# The Normal...........or Not!



## sawhorseray (Sep 18, 2021)

The other night I was invited out for a night with the “girls.” I told my husband that I would be home by midnight, “I promise!” Well, the hours passed and the margaritas went down way too easily. Around 3 a.m., a bit loaded, I headed for home. Just as I got in the door, the cuckoo clock in the hallway started up and cuckooed 3 times.
Quickly, realizing my husband would probably wake up, I cuckooed another 9 times. I was really proud of myself for coming up with such a quick-witted solution, in order to escape a possible conflict with him. (Even when totally smashed… 3 cuckoos plus 9 cuckoos totals 12 cuckoos = MIDNIGHT !)
The next morning my husband asked me what time I got in, I told him “MIDNIGHT”… he didn’t seem pissed off in the least.
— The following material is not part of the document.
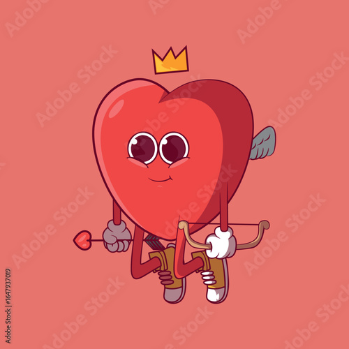 Heart Character Floating with Bow and Arrow vector illustration. Mascot, brand design concept.

Whew, I got away with that one! Then he said “We need a new cuckoo clock.” When I asked him why, he said, “Well, last night our clock cuckooed three times, then said “oh shit” Cuckooed 4 more times, cleared its throat, cuckooed another three times, giggled, cuckooed twice more, and then tripped over the coffee table and farted.


----------



## chef jimmyj (Sep 18, 2021)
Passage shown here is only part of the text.